EXERCISE DIRECTIONS: Reproduce the entries below exactly, but leave the pictures out.
START MATERIAL SUPPLIED
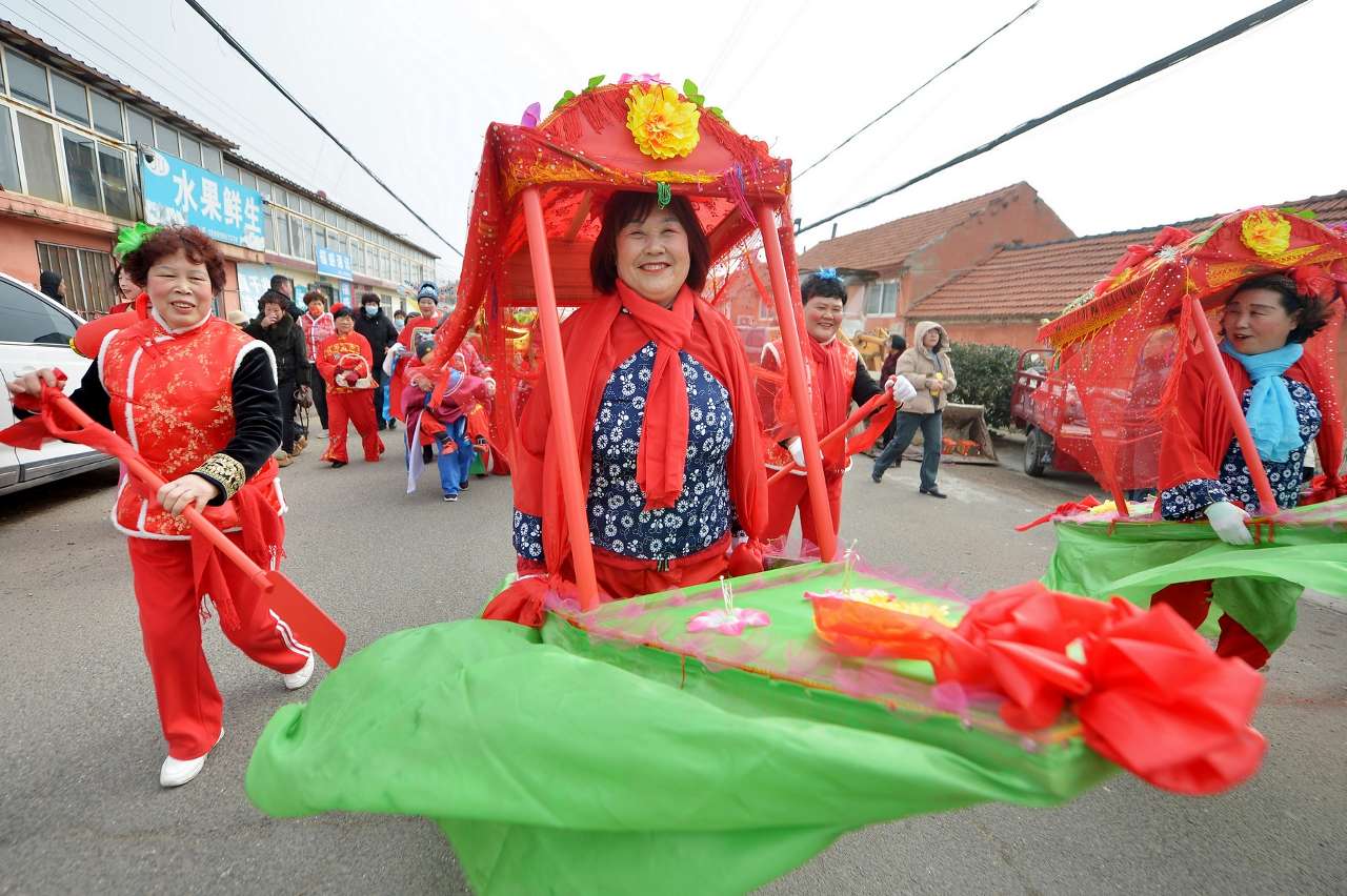 2月27日,在山东省青岛市城阳区红岛街说念宿流社区习尚巡游迎元宵行径上,住户在演出划旱船巡游。
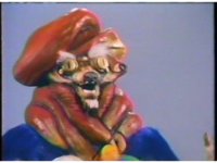 Close on Artistmole, as he points forth, then pats stomach with each hand. |
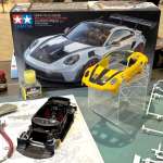 GT3 RSは軽量化のためにボンネットとルーフ、リアウイングに炭素繊維強化プラスチック (CFRP)素材が使われており、キットはデカールで再現されています。タミヤフェアで展示されていた実車のCFRPはかなりパターンが細かい感じでした。
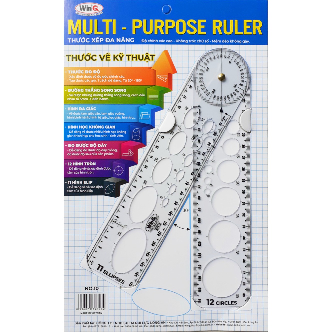 Thước vẽ kỹ thuật đa năng WinQ No.10 được thiết kế thông minh, có thể xếp gọn tiện lợi, giúp học sinh – sinh viên và người làm kỹ thuật dễ dàng thao tác.
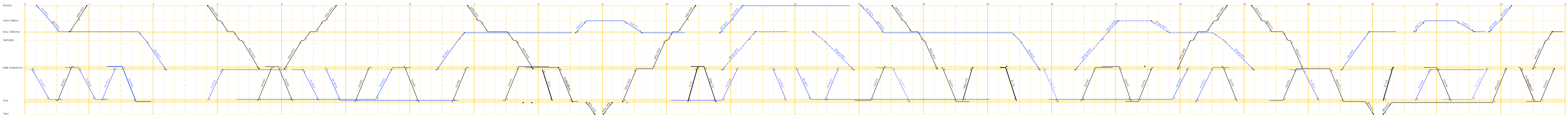 V Černé byl popůlnoční čas dobou poslední osobní „šessetdvojky“ čili flamendráku, který dovezl pospávající cestující před půldruhou v noci na svou konečnou do Výpravčic, několika křižování průběžných nákladních vlaků včetně přímé přepravy uhlí a přetahu svatoňovické zátěže a také odvěšení a posun spěšninového vozu od ranní rakety. Posun se pochopitelně neděje pomocí žádné místní zálohy, nýbrž lokomotivy od křižujícího manipulačního vlaku, jako tomu bylo i ve skutečnosti. Proto dopravně zdánlivě jednoduchá doba popůlnoční byla v letošním podzimním setkání náročná na přesnost po sobě následujících křižování, aby se případné zpoždění nepřenášelo dál po jednokolejné trati.
END MATERIAL SUPPLIED
RESULT:
 2月27日,在山东省青岛市城阳区红岛街说念宿流社区习尚巡游迎元宵行径上,住户在演出划旱船巡游。
 Close on Artistmole, as he points forth, then pats stomach with each hand. |
 GT3 RSは軽量化のためにボンネットとルーフ、リアウイングに炭素繊維強化プラスチック (CFRP)素材が使われており、キットはデカールで再現されています。タミヤフェアで展示されていた実車のCFRPはかなりパターンが細かい感じでした。
 Thước vẽ kỹ thuật đa năng WinQ No.10 được thiết kế thông minh, có thể xếp gọn tiện lợi, giúp học sinh – sinh viên và người làm kỹ thuật dễ dàng thao tác.
 V Černé byl popůlnoční čas dobou poslední osobní „šessetdvojky“ čili flamendráku, který dovezl pospávající cestující před půldruhou v noci na svou konečnou do Výpravčic, několika křižování průběžných nákladních vlaků včetně přímé přepravy uhlí a přetahu svatoňovické zátěže a také odvěšení a posun spěšninového vozu od ranní rakety. Posun se pochopitelně neděje pomocí žádné místní zálohy, nýbrž lokomotivy od křižujícího manipulačního vlaku, jako tomu bylo i ve skutečnosti. Proto dopravně zdánlivě jednoduchá doba popůlnoční byla v letošním podzimním setkání náročná na přesnost po sobě následujících křižování, aby se případné zpoždění nepřenášelo dál po jednokolejné trati.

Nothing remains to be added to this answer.